С преимуществом послевидения, мы знаем, что финансовый кризис 2008 года инициировал последние два события. Первым результатом финансового кризиса стало более глубокое проникновение государства в финансовые рынки, которые не были ему подконтрольны. Операции по спасению банков, в частности в США, создали ситуацию, в которой решения политических лидеров и центробанков были более значимыми для финансового статуса страны, чем операции рынка. Это было не беспрецедентно для США: кризис муниципальных долговых бумаг 1970-х, кризис долгов Третьего мира и кризис сбережений и долгов имели похожие последствия. Финансовый кризис и результирующий экономический кризис ударили по США, но их режим остался на плаву, даже когда недовольство элитами выросло.
{advert=2}
Но финансовый кризис имел наибольшие последствия в Европе, где он вызвал смену поколений. С 1991 года идея евроинтеграции была движущей силой глобальной экономики. Как уже упоминалось, она также была представлена, как неявная альтернатива США в качестве глобального центра притяжения.
Сообща европейская экономика немного больше, чем экономика США. Будучи мобилизированной, эта прирождённая сила делала Европу равной США. На арене внешней политики европейцы представляли себя с другим подходом к международным отношениям, чем американцы.
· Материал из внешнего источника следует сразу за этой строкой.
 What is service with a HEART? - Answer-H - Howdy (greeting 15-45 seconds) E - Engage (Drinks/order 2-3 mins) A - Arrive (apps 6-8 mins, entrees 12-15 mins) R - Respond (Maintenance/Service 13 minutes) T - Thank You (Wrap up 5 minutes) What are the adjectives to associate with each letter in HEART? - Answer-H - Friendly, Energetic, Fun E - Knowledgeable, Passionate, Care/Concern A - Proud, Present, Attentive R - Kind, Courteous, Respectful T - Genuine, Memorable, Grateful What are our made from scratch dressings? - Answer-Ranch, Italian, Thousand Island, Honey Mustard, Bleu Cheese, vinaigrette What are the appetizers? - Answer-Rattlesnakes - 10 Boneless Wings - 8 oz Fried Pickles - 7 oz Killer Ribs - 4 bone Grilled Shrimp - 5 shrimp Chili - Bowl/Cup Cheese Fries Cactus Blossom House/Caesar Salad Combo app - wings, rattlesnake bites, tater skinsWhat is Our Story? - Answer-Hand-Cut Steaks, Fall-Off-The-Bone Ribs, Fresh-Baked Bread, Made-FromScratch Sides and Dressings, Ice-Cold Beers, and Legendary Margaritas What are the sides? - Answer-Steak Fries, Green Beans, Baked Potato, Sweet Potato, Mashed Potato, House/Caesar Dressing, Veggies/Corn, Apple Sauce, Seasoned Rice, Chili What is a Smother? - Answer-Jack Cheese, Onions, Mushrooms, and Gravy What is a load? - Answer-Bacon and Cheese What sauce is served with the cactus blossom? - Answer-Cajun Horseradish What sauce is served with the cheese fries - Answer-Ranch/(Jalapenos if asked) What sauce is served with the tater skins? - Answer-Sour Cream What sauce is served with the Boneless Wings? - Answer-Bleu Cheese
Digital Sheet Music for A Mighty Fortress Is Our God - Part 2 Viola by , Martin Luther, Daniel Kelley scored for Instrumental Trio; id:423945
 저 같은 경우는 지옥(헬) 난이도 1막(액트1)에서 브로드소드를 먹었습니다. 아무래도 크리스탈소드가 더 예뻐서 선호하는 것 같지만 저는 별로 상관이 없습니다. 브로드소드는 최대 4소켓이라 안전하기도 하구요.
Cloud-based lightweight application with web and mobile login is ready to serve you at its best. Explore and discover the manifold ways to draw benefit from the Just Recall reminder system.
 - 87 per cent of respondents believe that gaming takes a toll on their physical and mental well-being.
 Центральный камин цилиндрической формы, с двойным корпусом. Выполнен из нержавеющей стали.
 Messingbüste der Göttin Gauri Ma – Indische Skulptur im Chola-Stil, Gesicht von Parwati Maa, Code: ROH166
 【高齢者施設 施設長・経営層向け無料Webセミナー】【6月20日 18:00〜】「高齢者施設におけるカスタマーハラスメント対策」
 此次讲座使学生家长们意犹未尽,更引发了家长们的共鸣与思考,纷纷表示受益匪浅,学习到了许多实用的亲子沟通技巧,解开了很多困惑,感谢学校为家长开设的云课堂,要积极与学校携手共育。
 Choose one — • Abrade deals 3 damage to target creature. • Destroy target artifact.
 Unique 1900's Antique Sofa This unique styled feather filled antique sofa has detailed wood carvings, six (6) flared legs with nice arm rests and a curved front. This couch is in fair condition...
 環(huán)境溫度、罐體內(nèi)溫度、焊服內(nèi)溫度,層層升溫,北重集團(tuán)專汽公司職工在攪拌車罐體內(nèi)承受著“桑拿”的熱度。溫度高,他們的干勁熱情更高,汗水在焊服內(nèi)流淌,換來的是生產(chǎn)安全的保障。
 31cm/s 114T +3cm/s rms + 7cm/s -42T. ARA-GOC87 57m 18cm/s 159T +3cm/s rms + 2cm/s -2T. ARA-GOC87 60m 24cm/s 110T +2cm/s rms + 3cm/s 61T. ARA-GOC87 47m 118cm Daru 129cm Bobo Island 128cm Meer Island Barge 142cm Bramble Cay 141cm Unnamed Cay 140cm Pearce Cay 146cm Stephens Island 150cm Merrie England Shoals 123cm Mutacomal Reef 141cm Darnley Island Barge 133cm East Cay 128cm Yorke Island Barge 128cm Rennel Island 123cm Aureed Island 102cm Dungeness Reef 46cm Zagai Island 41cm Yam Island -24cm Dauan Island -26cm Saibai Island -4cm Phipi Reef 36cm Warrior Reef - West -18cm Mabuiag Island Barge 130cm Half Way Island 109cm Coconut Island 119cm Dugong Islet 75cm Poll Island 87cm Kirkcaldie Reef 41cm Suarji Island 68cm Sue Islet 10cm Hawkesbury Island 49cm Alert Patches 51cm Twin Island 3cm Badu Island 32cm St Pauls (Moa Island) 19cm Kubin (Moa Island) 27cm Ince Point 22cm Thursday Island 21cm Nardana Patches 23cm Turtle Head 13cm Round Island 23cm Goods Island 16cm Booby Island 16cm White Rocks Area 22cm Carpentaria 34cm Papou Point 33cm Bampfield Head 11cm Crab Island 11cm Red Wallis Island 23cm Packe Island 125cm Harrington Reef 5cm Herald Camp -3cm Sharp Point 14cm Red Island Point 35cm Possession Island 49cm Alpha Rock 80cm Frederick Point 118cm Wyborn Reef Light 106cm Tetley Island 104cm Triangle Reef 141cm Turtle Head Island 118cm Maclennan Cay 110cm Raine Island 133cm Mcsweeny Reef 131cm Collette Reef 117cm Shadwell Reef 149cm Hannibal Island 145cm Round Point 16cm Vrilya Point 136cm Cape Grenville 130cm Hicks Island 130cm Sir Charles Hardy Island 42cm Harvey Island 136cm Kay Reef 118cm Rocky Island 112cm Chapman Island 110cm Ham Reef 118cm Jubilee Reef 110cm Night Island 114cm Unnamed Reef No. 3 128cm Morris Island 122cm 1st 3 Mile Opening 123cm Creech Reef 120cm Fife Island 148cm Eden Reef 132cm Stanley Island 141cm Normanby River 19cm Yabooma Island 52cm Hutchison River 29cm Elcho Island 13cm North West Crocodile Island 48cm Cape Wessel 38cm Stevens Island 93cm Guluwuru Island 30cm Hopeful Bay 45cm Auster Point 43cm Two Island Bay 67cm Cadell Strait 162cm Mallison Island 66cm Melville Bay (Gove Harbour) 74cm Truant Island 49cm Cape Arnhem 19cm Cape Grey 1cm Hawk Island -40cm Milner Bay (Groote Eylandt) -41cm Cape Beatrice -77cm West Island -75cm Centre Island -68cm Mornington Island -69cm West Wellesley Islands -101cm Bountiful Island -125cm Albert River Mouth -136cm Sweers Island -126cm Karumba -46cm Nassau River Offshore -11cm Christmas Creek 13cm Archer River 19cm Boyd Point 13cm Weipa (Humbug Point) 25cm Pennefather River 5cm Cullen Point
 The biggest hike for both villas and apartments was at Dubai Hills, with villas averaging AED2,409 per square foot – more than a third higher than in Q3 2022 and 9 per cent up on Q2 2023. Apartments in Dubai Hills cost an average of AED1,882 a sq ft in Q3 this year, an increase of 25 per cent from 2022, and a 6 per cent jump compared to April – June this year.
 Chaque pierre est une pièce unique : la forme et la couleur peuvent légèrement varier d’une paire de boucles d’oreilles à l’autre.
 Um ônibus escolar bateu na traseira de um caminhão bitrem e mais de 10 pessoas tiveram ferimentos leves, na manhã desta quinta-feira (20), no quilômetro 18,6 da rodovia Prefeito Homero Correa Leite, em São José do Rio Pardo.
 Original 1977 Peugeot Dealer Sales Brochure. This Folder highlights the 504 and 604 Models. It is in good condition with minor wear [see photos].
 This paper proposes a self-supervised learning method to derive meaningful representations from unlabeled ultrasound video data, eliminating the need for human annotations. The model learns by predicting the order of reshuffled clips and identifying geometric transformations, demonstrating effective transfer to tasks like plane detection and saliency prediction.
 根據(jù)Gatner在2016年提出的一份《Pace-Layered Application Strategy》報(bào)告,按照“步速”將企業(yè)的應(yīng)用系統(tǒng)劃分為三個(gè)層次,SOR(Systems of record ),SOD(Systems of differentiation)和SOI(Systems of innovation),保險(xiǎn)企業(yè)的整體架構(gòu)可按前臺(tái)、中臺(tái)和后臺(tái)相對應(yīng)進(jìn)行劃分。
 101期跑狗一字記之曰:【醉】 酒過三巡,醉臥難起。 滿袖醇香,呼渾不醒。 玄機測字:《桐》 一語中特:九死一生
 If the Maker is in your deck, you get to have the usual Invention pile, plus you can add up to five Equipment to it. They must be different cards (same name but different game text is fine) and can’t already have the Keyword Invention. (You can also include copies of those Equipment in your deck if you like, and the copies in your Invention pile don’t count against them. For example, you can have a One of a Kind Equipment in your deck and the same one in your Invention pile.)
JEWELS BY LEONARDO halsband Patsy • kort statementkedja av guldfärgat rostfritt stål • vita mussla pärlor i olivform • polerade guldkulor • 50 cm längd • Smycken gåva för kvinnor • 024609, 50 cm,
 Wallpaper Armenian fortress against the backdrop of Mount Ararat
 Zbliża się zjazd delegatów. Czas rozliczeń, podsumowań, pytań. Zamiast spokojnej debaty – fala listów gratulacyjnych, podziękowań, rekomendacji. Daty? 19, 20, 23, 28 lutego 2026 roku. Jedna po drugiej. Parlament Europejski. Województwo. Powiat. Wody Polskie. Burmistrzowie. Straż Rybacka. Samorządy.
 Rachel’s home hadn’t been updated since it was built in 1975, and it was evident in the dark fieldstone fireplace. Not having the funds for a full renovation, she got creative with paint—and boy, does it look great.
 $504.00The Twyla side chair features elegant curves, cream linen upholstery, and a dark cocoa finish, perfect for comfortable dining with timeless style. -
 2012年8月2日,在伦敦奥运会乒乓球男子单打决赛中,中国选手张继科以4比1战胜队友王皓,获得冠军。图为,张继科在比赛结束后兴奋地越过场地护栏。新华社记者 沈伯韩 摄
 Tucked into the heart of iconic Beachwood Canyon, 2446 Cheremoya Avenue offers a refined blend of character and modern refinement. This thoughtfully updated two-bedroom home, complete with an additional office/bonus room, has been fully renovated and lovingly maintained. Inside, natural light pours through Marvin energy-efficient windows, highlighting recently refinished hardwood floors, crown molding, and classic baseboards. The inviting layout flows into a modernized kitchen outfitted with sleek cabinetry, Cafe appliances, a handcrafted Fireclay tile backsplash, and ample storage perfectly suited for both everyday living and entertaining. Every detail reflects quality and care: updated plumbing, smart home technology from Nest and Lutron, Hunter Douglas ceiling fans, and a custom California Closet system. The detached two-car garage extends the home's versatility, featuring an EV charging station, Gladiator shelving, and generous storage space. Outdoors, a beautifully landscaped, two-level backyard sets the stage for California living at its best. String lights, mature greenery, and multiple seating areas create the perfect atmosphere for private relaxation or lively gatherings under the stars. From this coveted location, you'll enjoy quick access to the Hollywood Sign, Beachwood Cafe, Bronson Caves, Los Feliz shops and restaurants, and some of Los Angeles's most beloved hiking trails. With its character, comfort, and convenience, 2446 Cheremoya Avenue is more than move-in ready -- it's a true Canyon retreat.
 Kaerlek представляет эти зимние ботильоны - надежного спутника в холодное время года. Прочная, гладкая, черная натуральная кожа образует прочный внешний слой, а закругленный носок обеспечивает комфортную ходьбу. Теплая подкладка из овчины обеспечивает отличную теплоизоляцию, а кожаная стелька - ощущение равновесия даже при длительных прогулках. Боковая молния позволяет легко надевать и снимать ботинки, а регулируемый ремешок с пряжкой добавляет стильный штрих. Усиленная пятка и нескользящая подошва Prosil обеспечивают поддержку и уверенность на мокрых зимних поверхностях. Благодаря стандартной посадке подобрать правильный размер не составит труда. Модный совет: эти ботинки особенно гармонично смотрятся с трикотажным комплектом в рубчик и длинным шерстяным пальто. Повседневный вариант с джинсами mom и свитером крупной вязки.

Это базировалось на концепции «мягкой силы» (которая происходит из экономического и политического превосходства, в противоположность военному доминированию) – инструмента, с помощью которого предполагалось управлять Евросоюзом. И Европа была одним из крупнейших потребителей товаров, в частности китайских (она импортировала больше, чем это делали США в последние годы). Взятые вместе, европейская сила и успешность могли позволить изменение международной системы – и по предположению предыдущего поколения это изменение успешно осуществлялось.
В контексте наступающего европейского финансового кризиса, суть не в том, выживёт ли «евро» или смогут брюссельские регуляторы предвидеть аспекты итальянской экономики. Фундаментальный вопрос, останутся ли прежними основные концепции ЕС. Ведь очевидно, что Евросоюз 2007 не тот, который сегодня. Его формальные структуры прежние, но он уже не функционирует прежним образом. Обстоятельства, которым он противостоит, радикально другие. Более того, отношения между нациями в составе ЕС приняли совсем иную динамику. Вопрос развития Евросоюза сменился вопросом его выживания. Некоторые думают, что это временные трудности. Мы же видим это как перманентные изменения в Европе, с глобальными последствиями.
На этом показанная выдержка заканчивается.